#### WORK TO BE COMPLETED
After finding "Softshell/lättviktsjacka med ok" in the material below, output its line and every line after it through the last, exactly, but not the pictures.

#### AVAILABLE DATA
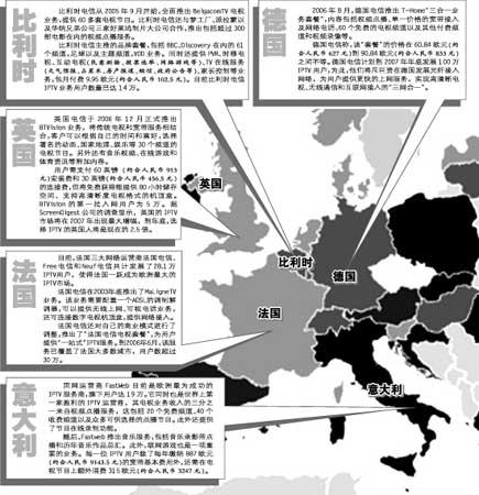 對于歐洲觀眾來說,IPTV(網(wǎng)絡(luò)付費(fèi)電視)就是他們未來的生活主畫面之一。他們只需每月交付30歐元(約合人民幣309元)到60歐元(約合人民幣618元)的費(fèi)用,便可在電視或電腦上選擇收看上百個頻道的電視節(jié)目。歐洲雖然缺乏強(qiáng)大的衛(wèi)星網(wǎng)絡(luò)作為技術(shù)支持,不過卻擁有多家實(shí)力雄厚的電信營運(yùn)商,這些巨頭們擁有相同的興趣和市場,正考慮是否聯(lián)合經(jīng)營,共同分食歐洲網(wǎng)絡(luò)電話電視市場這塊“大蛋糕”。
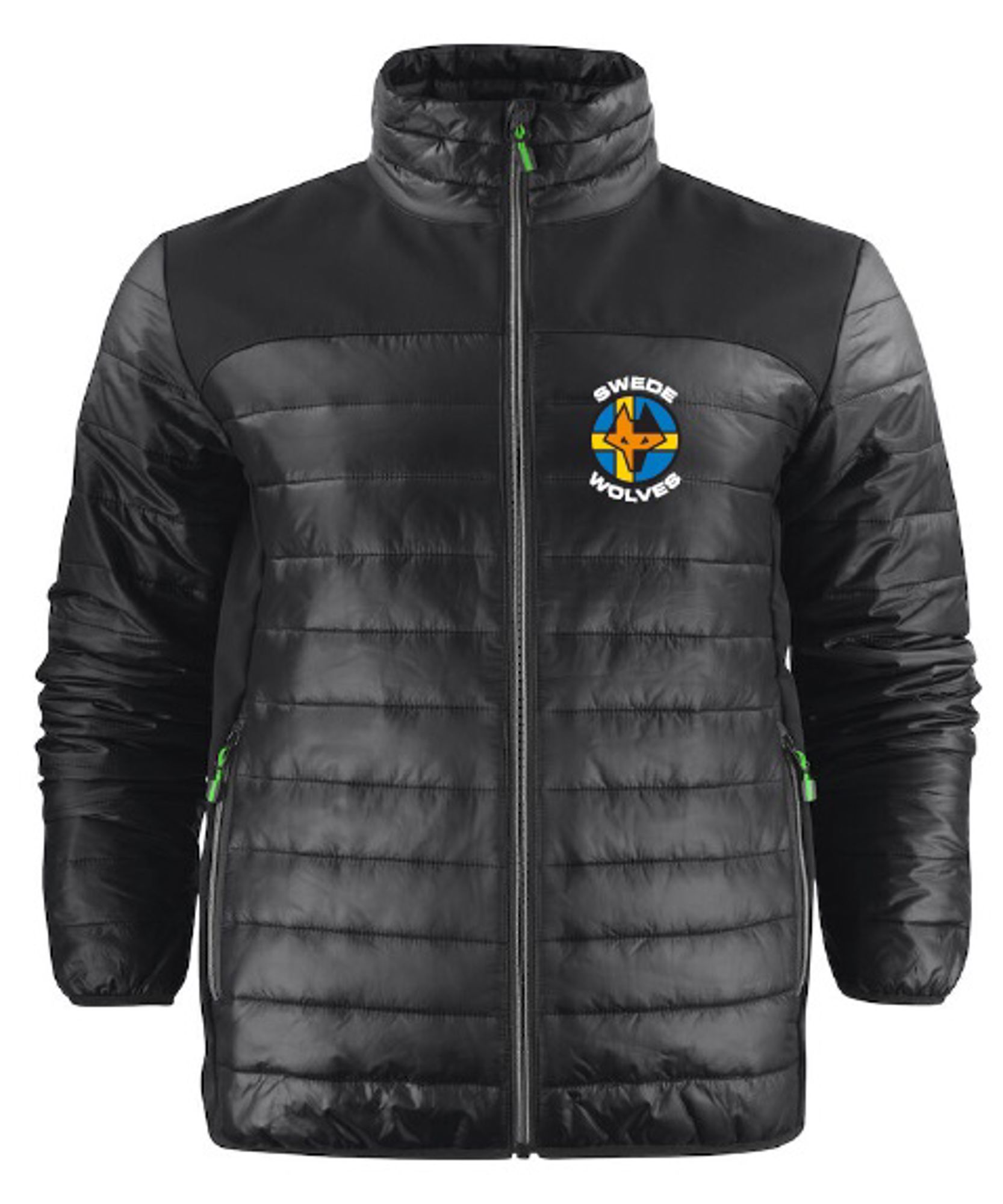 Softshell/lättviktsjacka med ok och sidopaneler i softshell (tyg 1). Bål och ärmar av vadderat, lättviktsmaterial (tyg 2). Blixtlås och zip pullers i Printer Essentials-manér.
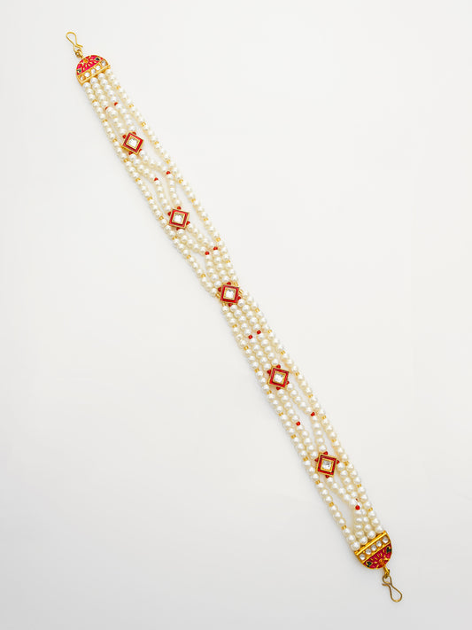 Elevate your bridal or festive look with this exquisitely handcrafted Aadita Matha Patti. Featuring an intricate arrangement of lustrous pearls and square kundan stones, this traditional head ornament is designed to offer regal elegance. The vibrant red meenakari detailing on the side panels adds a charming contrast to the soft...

#### ANSWER TO THIS PROBLEM
 Softshell/lättviktsjacka med ok och sidopaneler i softshell (tyg 1). Bål och ärmar av vadderat, lättviktsmaterial (tyg 2). Blixtlås och zip pullers i Printer Essentials-manér.
 Elevate your bridal or festive look with this exquisitely handcrafted Aadita Matha Patti. Featuring an intricate arrangement of lustrous pearls and square kundan stones, this traditional head ornament is designed to offer regal elegance. The vibrant red meenakari detailing on the side panels adds a charming contrast to the soft...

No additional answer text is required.